In the theory with which we have to deal, Absolute Ignorance is the artificer; so that we may enunciate as the fundamental principle of the whole system, that, IN ORDER TO MAKE A PERFECT AND BEAUTFIUL MACHINE, IT IS NOT REQUISITE TO KNOW HOW TO MAKE IT. This proposition will be found, on careful examination, to express, in condensed form, the essential purport of the Theory, and to express in a few words all Mr. Darwin's meaning; who, by a strange inversion of reasoning, seems to think Absolute Ignorance fully qualified to take the place of Absolute Wisdom in all the achievements of creative skill.
(from an anonymous review of a work on evolution, Atheneum, 2102, 8 February, 1867, p. 217.)

Exactly! What this critic saw and hated is precisely what others have seen and loved: the idea (whether or not Darwin saw it with clarity) that all the Design in the universe can be explained as the product of a process that is ultimately bereft of intelligence, in other words an algorithmic process that weds randomness and selection to produce a unique branching, recursively revised structure that bears as its fruit all the intelligence that exists. This "strange inversion of reasoning", as the critic calls it, spreads its revolutionary perspective through all of science, unifying as it reformulates most of the philosophical ideas that have guided (and often misguided) science.

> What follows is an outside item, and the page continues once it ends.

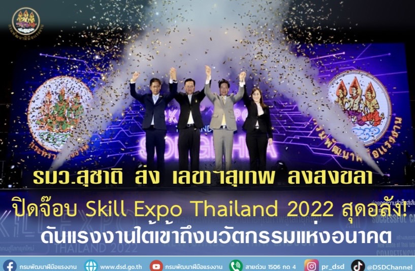 นายสุชาติ ชมกลิ่น รัฐมนตรีว่าการกระทรวงแรงงาน มอบหมายให้นายสุเทพ ชิตยวงษ์ เลขานุการรัฐมนตรีว่าการกระทรวงแรงงาน เป็นประธานในพิธีเปิดงานมหกรรม Skill Expo Thailand 2022 พัฒนาคนสู่โลกยุคใหม่ ครั้งที่ 5 ภายใต้แนวคิด “สร้าง เสริม เติม ต่อ” ณ ศูนย์ประชุมนานาชาติฉลองสิริราชสมบัติครบ 60 ปี อำเภอหาดใหญ่ จังหวัดสงขลา
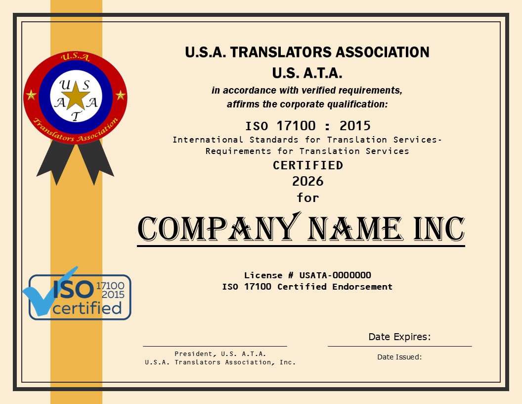 ISO 17100 Certification Checklist and Verification ; U.S. A.T.A. administered

The anonymous critic has had many intellectual descendants, up to the present. A recent critic puts the same misgivings as follows:

Life on Earth, initially thought to constitute a sort of prima facie case for a creator, was, as a result of Darwin's idea, envisioned merely as being the outcome of a process and a process that was, according to Dobzhansky, "blind, mechanical, automatic, impersonal," and, according to de Beer, was "wasteful, blind, and blundering." But as soon as these criticisms [sic] were leveled at natural selection, the "blind process" itself was compared to a poet, a composer, a sculptor, Shakespeare--to the very notion of creativity that the idea of natural selection had originally replaced. It is clear, I think, that there was something very, very wrong with such an idea." (Tom Bethell, "Darwin's Mistake," Harper's Magazine, February, 1976.)
Or something very, very right. Many who have shared Bethell's discomfort have sought to contain Darwinian thinking within some "proper" sphere--ceding it some limited role within biology but trying to prohibit its spread into cosmology, psychology, the arts, ethics, religion. These attempts at containment have largely been misguided, but as byproducts they have often produced important strengthenings and deepenings of the underlying Darwinian idea. Let us understand a skyhook to be a "mind-first" force or power or process, an exception to the principle that all design, and apparent design, is ultimately the result of mindless, purposeless, mechanical processes. Then a crane is a subprocess or special feature of a design process that can be demonstrated to permit the local speeding up of the basic, slow process of natural selection, and that can be demonstrated to be itself the predictable (or retrospectively explicable) product of the basic process. Much of the most fruitful (if often extremely emotional and even vicious) controversy in evolutionary thinking since Darwin can then be characterized as searchers for skyhooks discovering cranes. Time and again, challenges to Darwinian thinking of the "you can't get here from there in the time available" variety have been met by discoveries or reformulations that show how the underlying Darwinian algorithmic processes can be cascaded recursively into ever more powerful and swift mechanisms for "lifting" in Design Space. The idea of evolution as fundamentally an algorithmic process is often misunderstood, but it is in fact the source of the power of Darwin's contribution.